The differencing requirements will vary widely from application to application, for various contexts, and different data types (minimally). There are probably more than a couple GSoC bite-sized projects that could come to fruition related to this discussion. Implementing a 3D diff capability was a project idea we tossed around last year, but I abandoned in favor of keeping the ideas more tractable. This is the kind of research project that would require a lot of background knowledge and work to be an effective GSoC project (imho, of course).
[edit] ArgoUML
I'd like ArgoUML to be able to show me the differences between two UML diagrams,
and help me merge them --- I don't expect a general or unified solution.
[edit] Git
(From Git GSoC 2009 proposal)
[edit] Domain specific merge helpers
Git adds conflict markers to text files when there where conflicts while merging. This is pretty useful if your text file is line based source code. But it can be pretty difficult to use, say, with LaTeX files (where the lines typically reflect whole paragraphs, and a single typo fix results in the same conflict size as if the whole paragraph were rewritten) or XML/SVG/build.xml files (which are not commonly edited with text editors, but other programs that expect valid XML as input -- which might not be true when the conflict markers are added).

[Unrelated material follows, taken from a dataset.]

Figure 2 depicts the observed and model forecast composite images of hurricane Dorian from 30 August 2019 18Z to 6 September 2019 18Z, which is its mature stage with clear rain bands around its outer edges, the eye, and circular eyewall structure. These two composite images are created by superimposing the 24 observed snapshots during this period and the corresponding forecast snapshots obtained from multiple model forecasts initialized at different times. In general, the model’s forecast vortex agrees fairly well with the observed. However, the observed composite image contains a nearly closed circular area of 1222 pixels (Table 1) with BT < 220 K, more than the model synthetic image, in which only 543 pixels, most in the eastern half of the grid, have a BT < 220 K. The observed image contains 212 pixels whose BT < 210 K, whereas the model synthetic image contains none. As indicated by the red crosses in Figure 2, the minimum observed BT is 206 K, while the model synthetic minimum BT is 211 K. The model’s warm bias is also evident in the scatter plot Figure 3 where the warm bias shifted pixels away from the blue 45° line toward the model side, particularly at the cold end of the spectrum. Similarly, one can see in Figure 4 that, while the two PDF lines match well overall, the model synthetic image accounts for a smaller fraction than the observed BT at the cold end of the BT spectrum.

To be useful with other file types than plain text or (line based) source code, domain specific merge helpers are needed which present the merge conflict in a reasonable form, helping the user to resolve the conflicts.

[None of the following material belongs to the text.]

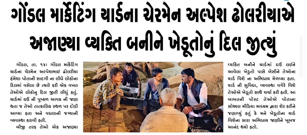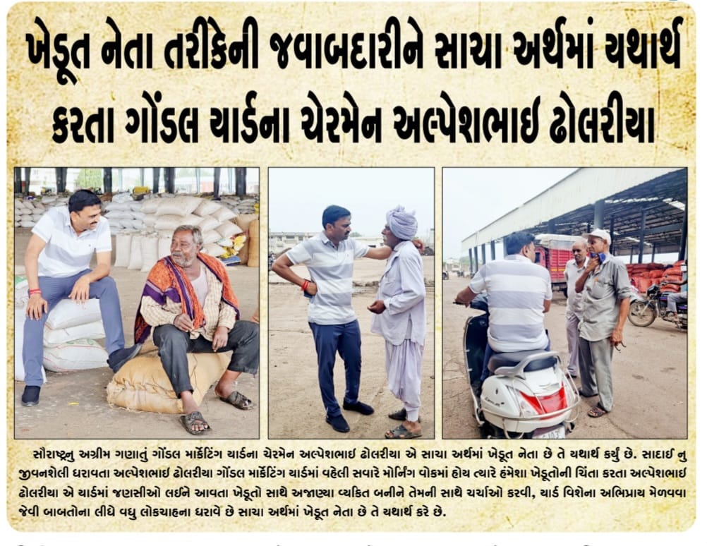 ખેડૂત નેતા તરીકે ની જવાબદારીને સાચા અર્થમા યથાથ્ર કરતાં ગોંડલ યાર્ડ ના ચેરમેન અલ્પેશભાઈ ઢોલરીયા

Goal: to implement a merge helper for at least one additional file type (depending on the file type, one domain specific merge helper might not fill a whole GSoC project)
Language: Open for proposal.
Suggested mentors:
- Johannes Schindelin
[edit] OpenOffice
Diffing and merging OpenOffice documents is in fact quite painful.
(I've managed to do the diffing with the help of some scripts, but not the merging.) A number of problems contribute towards making it painful. First, a .odt file is a bunch of XML files zipped together. They could be diffed individually, but if you check them into git together, git sees them as a single binary file. Being able to work with zip files transparently would be a great feature for git. And probably entirely doable as a GSOC project. However, diffing content.xml from two versions of an .odt files is also not very helpful because of how whitespace is placed and because of the way styles and IDs are regenerated every time. (Changing one letter in the document often leads to many many changes in content.xml, styles.xml, etc.) Making the XML files that comprise a .odt archive diffable again seems quite doable as a GSOC project. Third, git interface may be too difficult for most OpenOffice users. Another GSOC project could perhaps help with a git extension for OpenOffice. Each of those projects could be useful by itself, even if the other ones do not get done. However, solving any of those problems will hopefully help provide motivation for solving the others.